Exercise objective
Could you write out exactly, and only, the lines from the one containing "При креплении стекла" through the last line of the data, leaving out all pictures?

Data provided
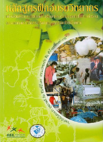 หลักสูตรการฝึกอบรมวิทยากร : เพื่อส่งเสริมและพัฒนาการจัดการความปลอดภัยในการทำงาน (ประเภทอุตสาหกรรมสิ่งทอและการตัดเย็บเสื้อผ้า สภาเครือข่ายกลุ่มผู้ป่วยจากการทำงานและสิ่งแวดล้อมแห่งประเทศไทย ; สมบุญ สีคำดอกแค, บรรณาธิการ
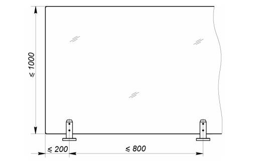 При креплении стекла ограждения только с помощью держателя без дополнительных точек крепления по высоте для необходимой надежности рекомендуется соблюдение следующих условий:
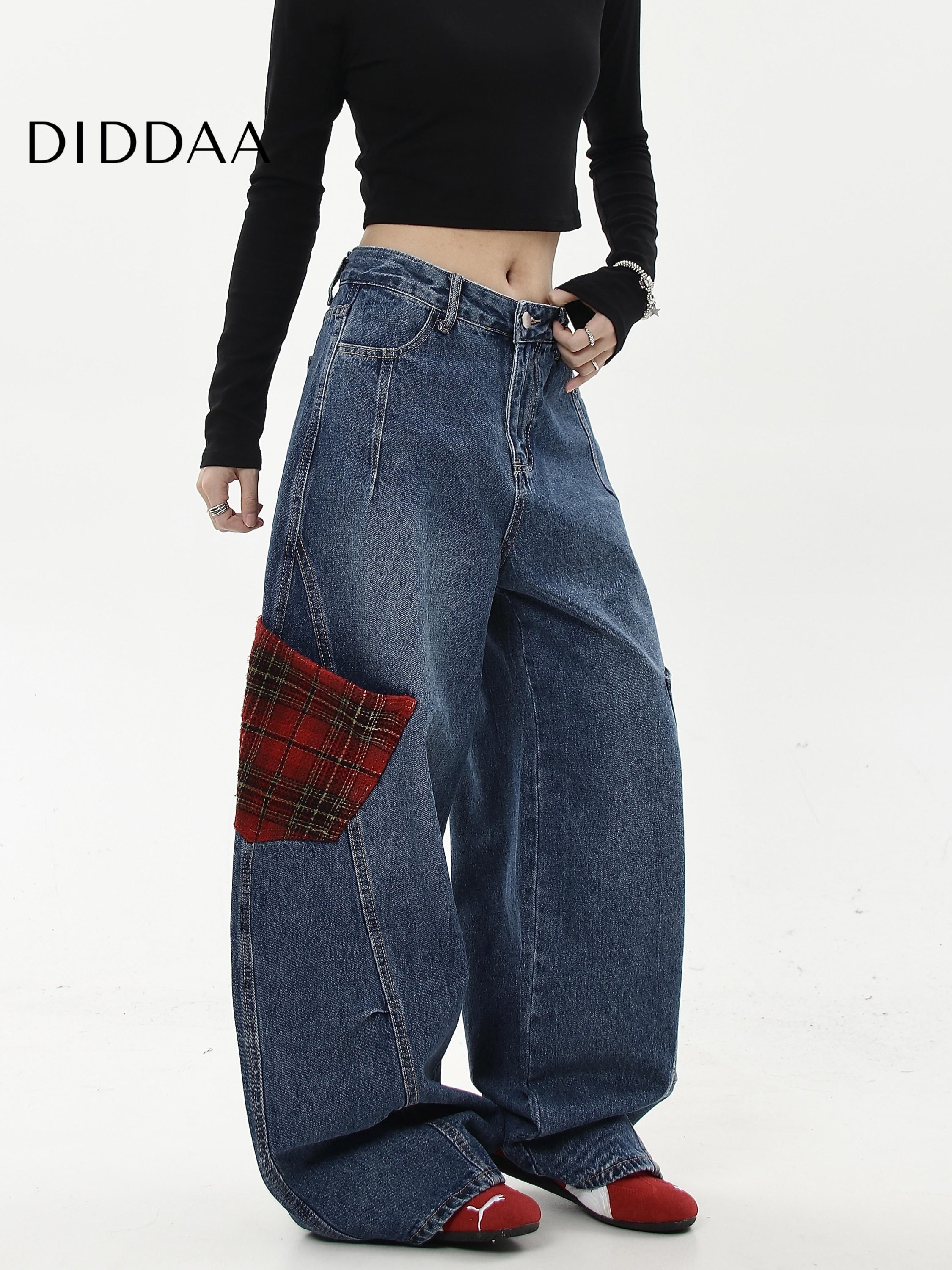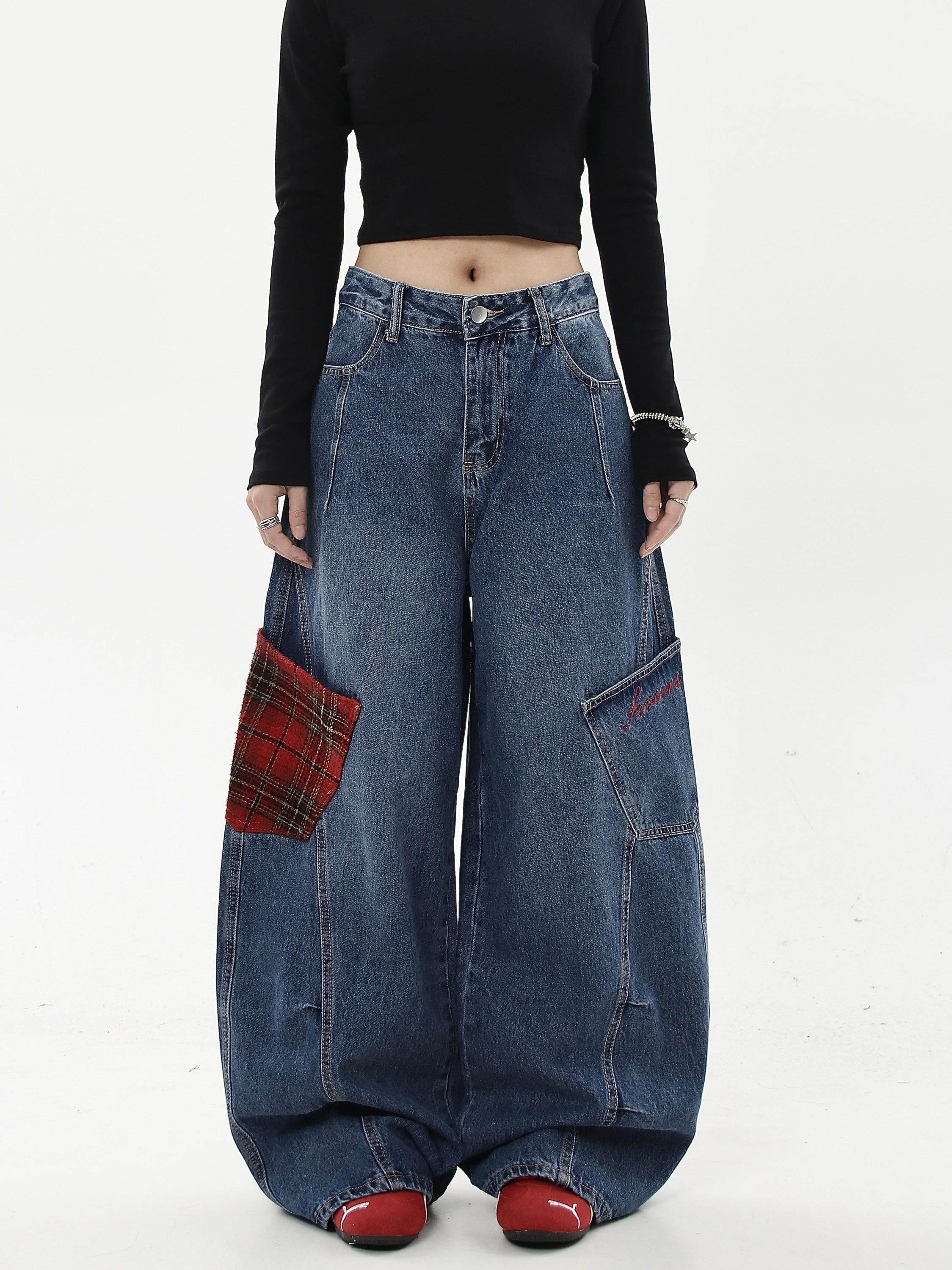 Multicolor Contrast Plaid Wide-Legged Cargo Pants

Problem solution
 При креплении стекла ограждения только с помощью держателя без дополнительных точек крепления по высоте для необходимой надежности рекомендуется соблюдение следующих условий:
 Multicolor Contrast Plaid Wide-Legged Cargo Pants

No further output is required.